About this exercise: Restate the records that follow word for word. Omit the images.

+--

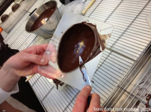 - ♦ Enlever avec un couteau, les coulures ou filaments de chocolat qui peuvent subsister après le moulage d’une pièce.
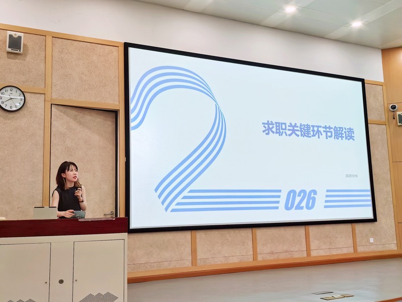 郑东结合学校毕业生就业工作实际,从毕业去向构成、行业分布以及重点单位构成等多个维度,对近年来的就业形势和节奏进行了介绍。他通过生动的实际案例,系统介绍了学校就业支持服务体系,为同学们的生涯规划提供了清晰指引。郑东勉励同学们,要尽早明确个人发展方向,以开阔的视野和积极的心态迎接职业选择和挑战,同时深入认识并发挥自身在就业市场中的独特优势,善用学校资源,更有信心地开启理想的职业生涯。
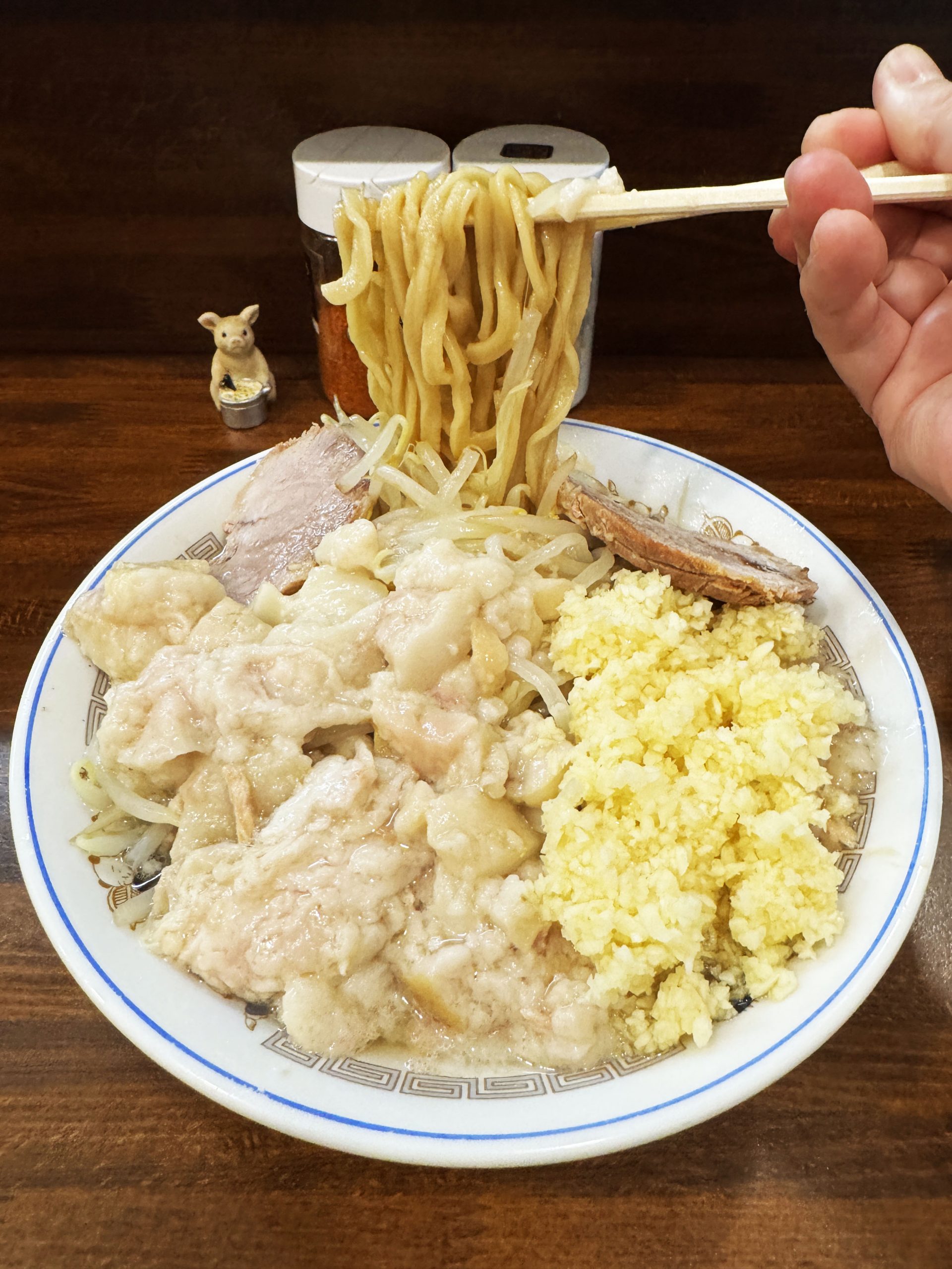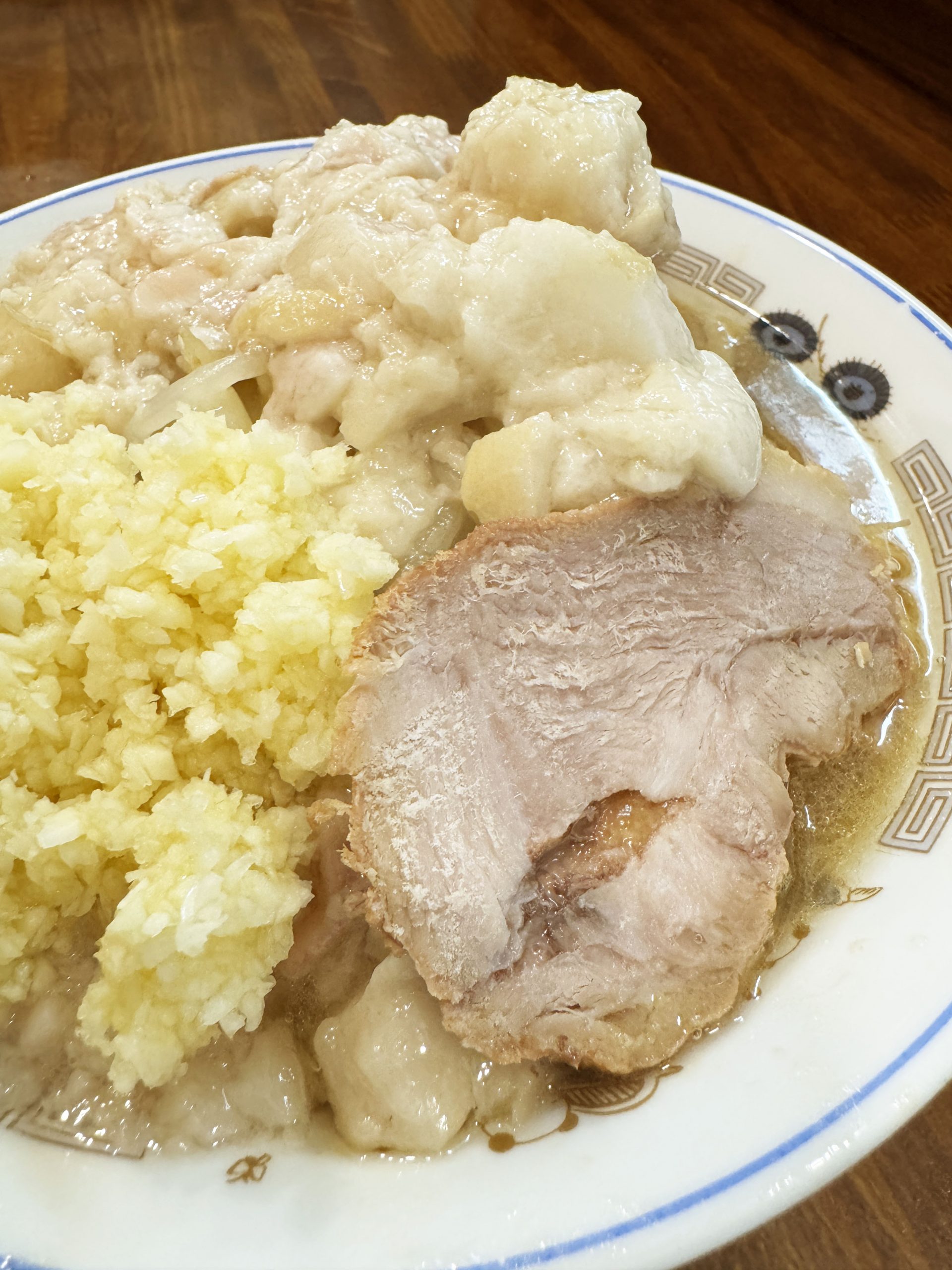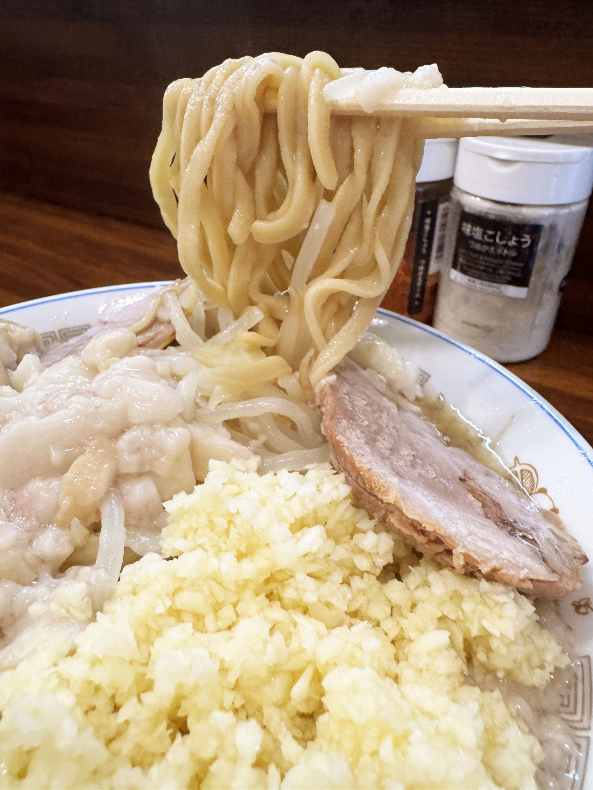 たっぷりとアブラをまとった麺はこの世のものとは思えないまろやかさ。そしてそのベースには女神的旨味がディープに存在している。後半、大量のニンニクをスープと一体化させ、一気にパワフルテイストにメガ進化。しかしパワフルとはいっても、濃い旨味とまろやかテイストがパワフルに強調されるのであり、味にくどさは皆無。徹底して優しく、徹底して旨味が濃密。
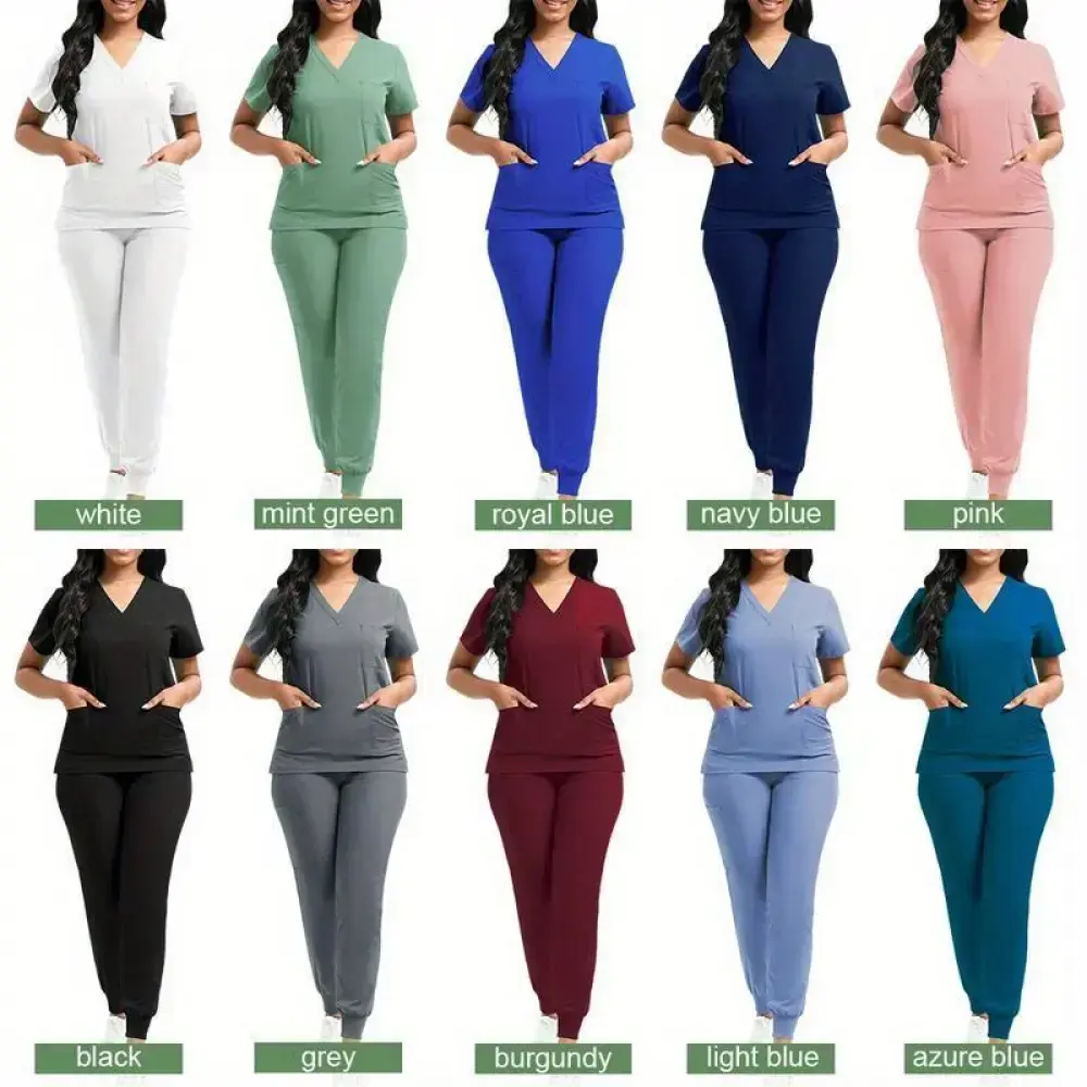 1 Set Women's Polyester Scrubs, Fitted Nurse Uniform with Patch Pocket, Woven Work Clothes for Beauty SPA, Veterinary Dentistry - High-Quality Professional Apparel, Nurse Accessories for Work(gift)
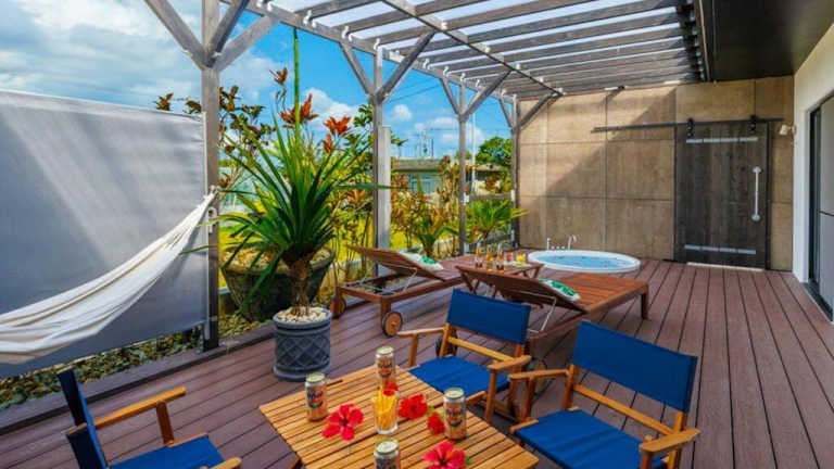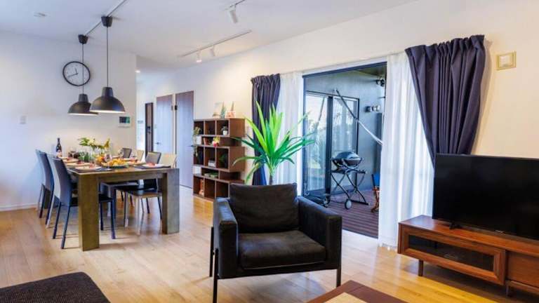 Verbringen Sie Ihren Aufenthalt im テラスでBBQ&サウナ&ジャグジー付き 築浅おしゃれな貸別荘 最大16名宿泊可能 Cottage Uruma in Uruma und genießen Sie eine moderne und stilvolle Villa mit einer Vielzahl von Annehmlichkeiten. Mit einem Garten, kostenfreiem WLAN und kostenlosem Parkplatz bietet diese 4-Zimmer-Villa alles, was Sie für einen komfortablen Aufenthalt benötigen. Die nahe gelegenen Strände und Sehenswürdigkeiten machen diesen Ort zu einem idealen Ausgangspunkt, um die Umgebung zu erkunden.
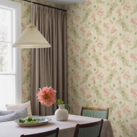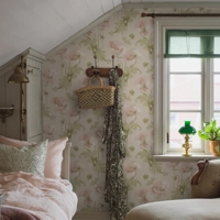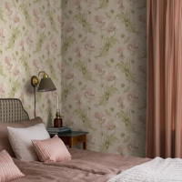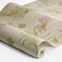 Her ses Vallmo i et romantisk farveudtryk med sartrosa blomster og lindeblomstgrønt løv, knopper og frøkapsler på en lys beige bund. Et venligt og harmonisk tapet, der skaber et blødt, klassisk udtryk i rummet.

+--

Result:
 - ♦ Enlever avec un couteau, les coulures ou filaments de chocolat qui peuvent subsister après le moulage d’une pièce.
 郑东结合学校毕业生就业工作实际,从毕业去向构成、行业分布以及重点单位构成等多个维度,对近年来的就业形势和节奏进行了介绍。他通过生动的实际案例,系统介绍了学校就业支持服务体系,为同学们的生涯规划提供了清晰指引。郑东勉励同学们,要尽早明确个人发展方向,以开阔的视野和积极的心态迎接职业选择和挑战,同时深入认识并发挥自身在就业市场中的独特优势,善用学校资源,更有信心地开启理想的职业生涯。
 たっぷりとアブラをまとった麺はこの世のものとは思えないまろやかさ。そしてそのベースには女神的旨味がディープに存在している。後半、大量のニンニクをスープと一体化させ、一気にパワフルテイストにメガ進化。しかしパワフルとはいっても、濃い旨味とまろやかテイストがパワフルに強調されるのであり、味にくどさは皆無。徹底して優しく、徹底して旨味が濃密。
 1 Set Women's Polyester Scrubs, Fitted Nurse Uniform with Patch Pocket, Woven Work Clothes for Beauty SPA, Veterinary Dentistry - High-Quality Professional Apparel, Nurse Accessories for Work(gift)
 Verbringen Sie Ihren Aufenthalt im テラスでBBQ&サウナ&ジャグジー付き 築浅おしゃれな貸別荘 最大16名宿泊可能 Cottage Uruma in Uruma und genießen Sie eine moderne und stilvolle Villa mit einer Vielzahl von Annehmlichkeiten. Mit einem Garten, kostenfreiem WLAN und kostenlosem Parkplatz bietet diese 4-Zimmer-Villa alles, was Sie für einen komfortablen Aufenthalt benötigen. Die nahe gelegenen Strände und Sehenswürdigkeiten machen diesen Ort zu einem idealen Ausgangspunkt, um die Umgebung zu erkunden.
 Her ses Vallmo i et romantisk farveudtryk med sartrosa blomster og lindeblomstgrønt løv, knopper og frøkapsler på en lys beige bund. Et venligt og harmonisk tapet, der skaber et blødt, klassisk udtryk i rummet.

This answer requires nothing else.